The causality component of stories seems to fit particularly well with Willingham's major pedagogical goal, getting students to think about content. That's because a good story doesn't tell you all the causal links, instead it requires the listener (or viewer, reader) to infer causal connections. We do this all the time and automatically. Who doesn't feel a little rush of pride that comes from making predictions throughout a movie or book and finding out that our predictions are correct (unless it's too obvious). Even being wrong can be satisfying if the story is well told and we can think how clever the writer was to have outwitted the audience.

So how do we apply this power of stories to engage an audience to classroom teaching? Do we all have to turn every content objective now into a story? The answer is no, although if you could pull it off it wouldn't necessarily be a bad thing. However, you can take those key elements of a story, the 4 Cs, and structure just about any content objective around them. It's pretty easy to understand how that would work in history or literature classes, and in science the historical development of many ideas can certainly be used extensively as the backbone of our lessons. But even absent a compelling historical narrative, there are many concepts in science that can be arranged around the 4 Cs.

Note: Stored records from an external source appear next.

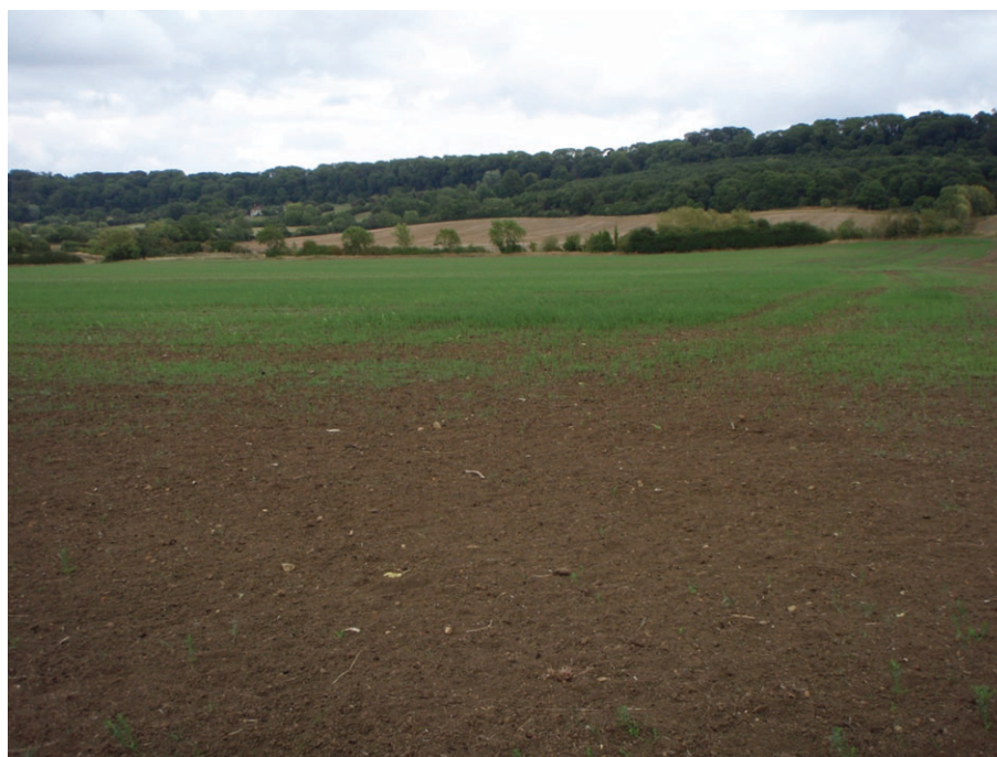
Figure 3. Cereal crop production, Warwickshire, UK. Soils are often seen as simply 'growing media' for food crops; however, functioning of microbiological communities within soils not only influences the supply of essential plant nutrients but also has great implications for the global carbon cycle and climate system that determines whether environmental conditions are favourable for crop growth.

the C cycle does not operate independently; it is closely coupled with that of other essential elements for microbial metabolism. This linkage occurs either via the use of the other elements as electron donors and acceptors (e.g. N species ranging from the most reduced, \text{NH}_4^+ , to the most oxidised, \text{NO}_3^- ) in energy transduction or via their immobilisation and mineralisation as part of multiple essential element-containing biomolecules (e.g. proteins, DNA). Hence the availability of other key elements essential for life, particularly N and P, and other environmental factors such as pH, soil texture and mineralogy, temperature and soil water content control the rate at which microbes consume and respire carbon. 11 It is these interactions between environmental conditions and biological processes, including primary production, that are chief in controlling the unequal distribution of organic matter across the world's soils. 12 The largest global concentration of carbon can be found in wet and cool areas in the northern hemisphere, dominated by deep accumulations of peat and permafrost soils, 13 whereas soils with the lowest carbon content tend to be those of desert biomes, 14 where low mean annual precipitation limits primary production and encourages the prevalence of aerobic soil conditions.
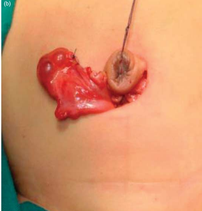
(a) Extraction of the cyst. (b) Preservation of ovarian tissue at the base of the excised cyst.
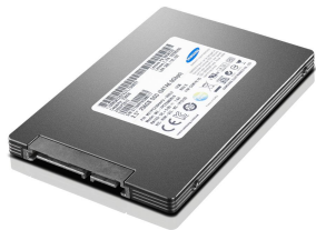
2.5" SATA3 SSD 1TBx8, RAID5 main FITS storage

Take photosynthesis, for example. Causality is easy, it's embedded in the "story" of science itself. It's what science is looking for. "What caused living things to evolve the ability to produce glucose" could be answered in a number of different ways. Evolution provides its own story structure that students can apply to any similar question in biology. Conflict? Easy, there's competition, survival of the fittest, limited resources, etc. Long ago in a heterotroph world ("dog-eat-dog" more or less), resources would have become limited and organisms that could get some or all of their nutrition "automatically" (autotrophs) would have prospered. Complications? You have to live near a light source, you have to get rid of this new, toxic, waste product called oxygen, etc. (Wait, oxygen is toxic???) What about characters? The organism itself, or the population of organisms if you want to get technical, can be seen as the characters in the story. I know some scientists/teachers are uncomfortable withanthropomorphizing, but I'm not one of them. Having students imaginethemselves as a plant, or even a carbon atom can make it easier tobring out the "character" in a story-structured lesson. In developing this story of photosynthesis I would want to ask questions and lead a discussion that has students making many of the causal connections for themselves.

Willingham actually uses an example from a math lesson, and while I can see that what he presents is reasonable and contains some of the elements of a story, it seems a bit of a stretch to use it as an model for the 4 Cs he has just presented - I fail to see how the "character" component fits in, personally. Maybe a math teacher can read it over and set me straight. Nonetheless, maybe that's a good thing anyway. Willingham has already explicitly stated that he is not proposing some rigid formula for organizing a lesson, and getting caught up in making sure that your lesson fits to a T some artificial structure misses the real goal, getting students to think about what you are teaching. Sometimes the conflict is between competing ideas, or how to decide whether something is true or not, and doesn't involve "characters" in the traditional sense. And that's OK.